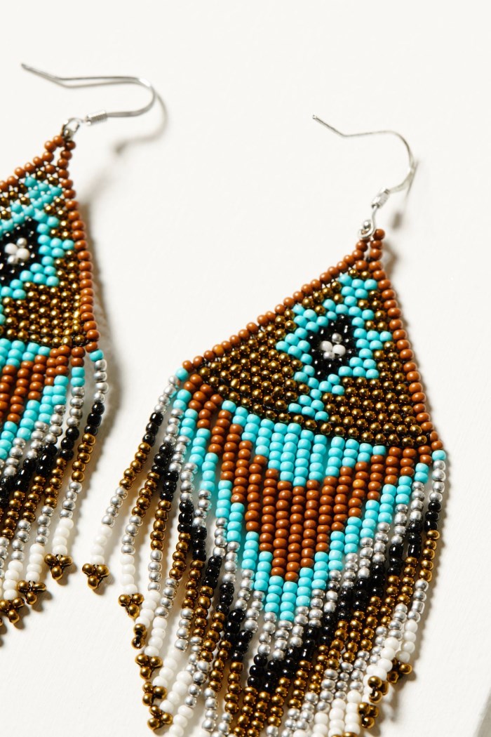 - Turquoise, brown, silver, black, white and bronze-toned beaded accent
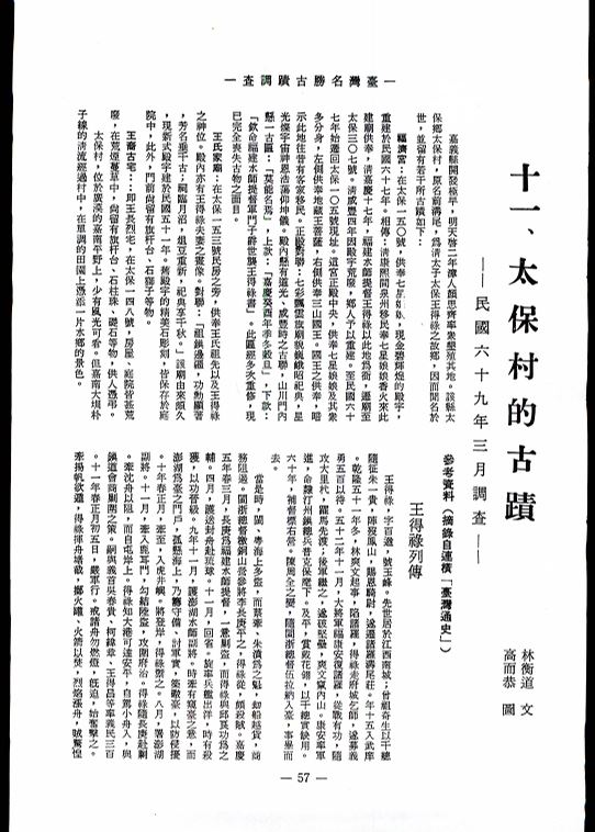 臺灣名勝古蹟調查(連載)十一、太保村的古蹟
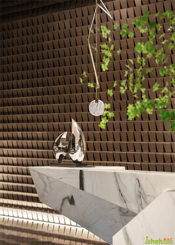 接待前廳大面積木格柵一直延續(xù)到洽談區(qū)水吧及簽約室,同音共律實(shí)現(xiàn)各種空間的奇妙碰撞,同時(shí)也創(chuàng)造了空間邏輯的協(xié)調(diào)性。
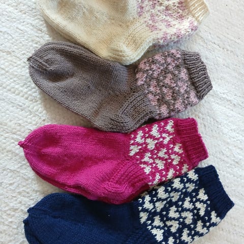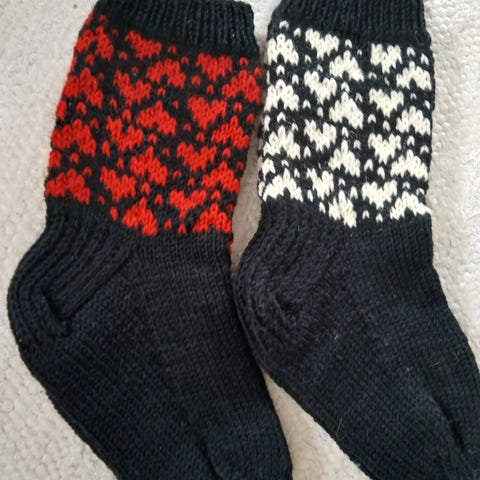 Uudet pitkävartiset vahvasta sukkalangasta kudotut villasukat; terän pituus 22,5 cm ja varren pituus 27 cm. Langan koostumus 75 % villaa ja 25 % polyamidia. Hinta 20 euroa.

● ● ● ● ●

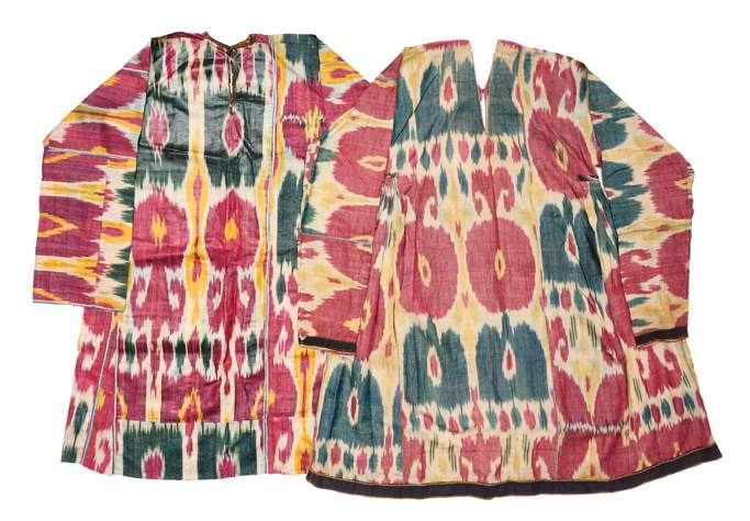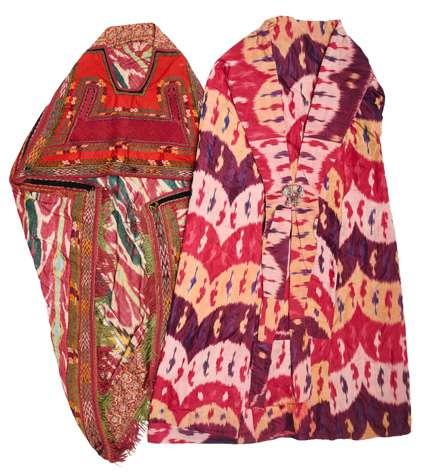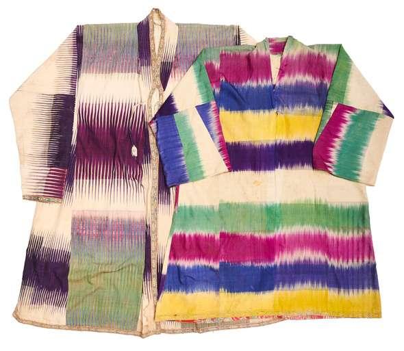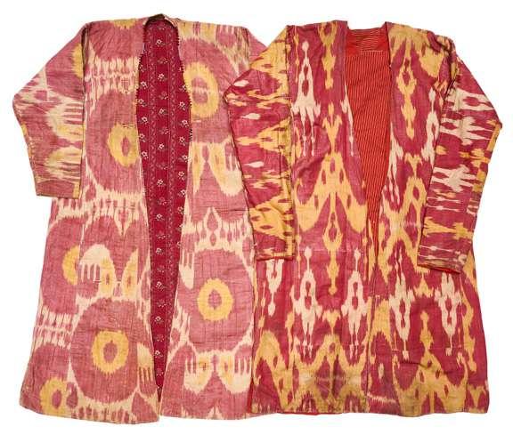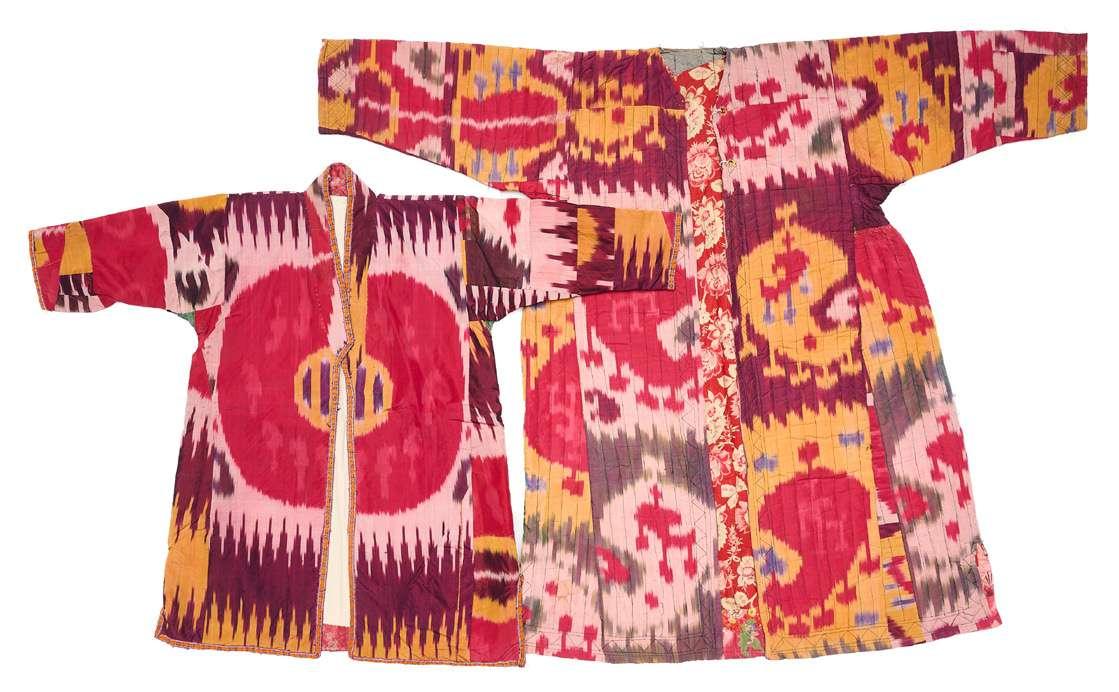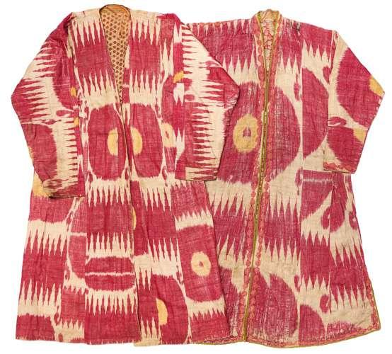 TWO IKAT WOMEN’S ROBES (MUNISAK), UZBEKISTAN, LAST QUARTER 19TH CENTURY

● ● ● ● ●

• **Problem description**
Among the lines above, the one with "接待前廳大面積木格柵一直延續" opens the part to repeat and the one with "Uudet pitkävartiset vahvasta" closes it; repeat only that part exactly, with no pictures.

• **Response**
 接待前廳大面積木格柵一直延續(xù)到洽談區(qū)水吧及簽約室,同音共律實(shí)現(xiàn)各種空間的奇妙碰撞,同時(shí)也創(chuàng)造了空間邏輯的協(xié)調(diào)性。
 Uudet pitkävartiset vahvasta sukkalangasta kudotut villasukat; terän pituus 22,5 cm ja varren pituus 27 cm. Langan koostumus 75 % villaa ja 25 % polyamidia. Hinta 20 euroa.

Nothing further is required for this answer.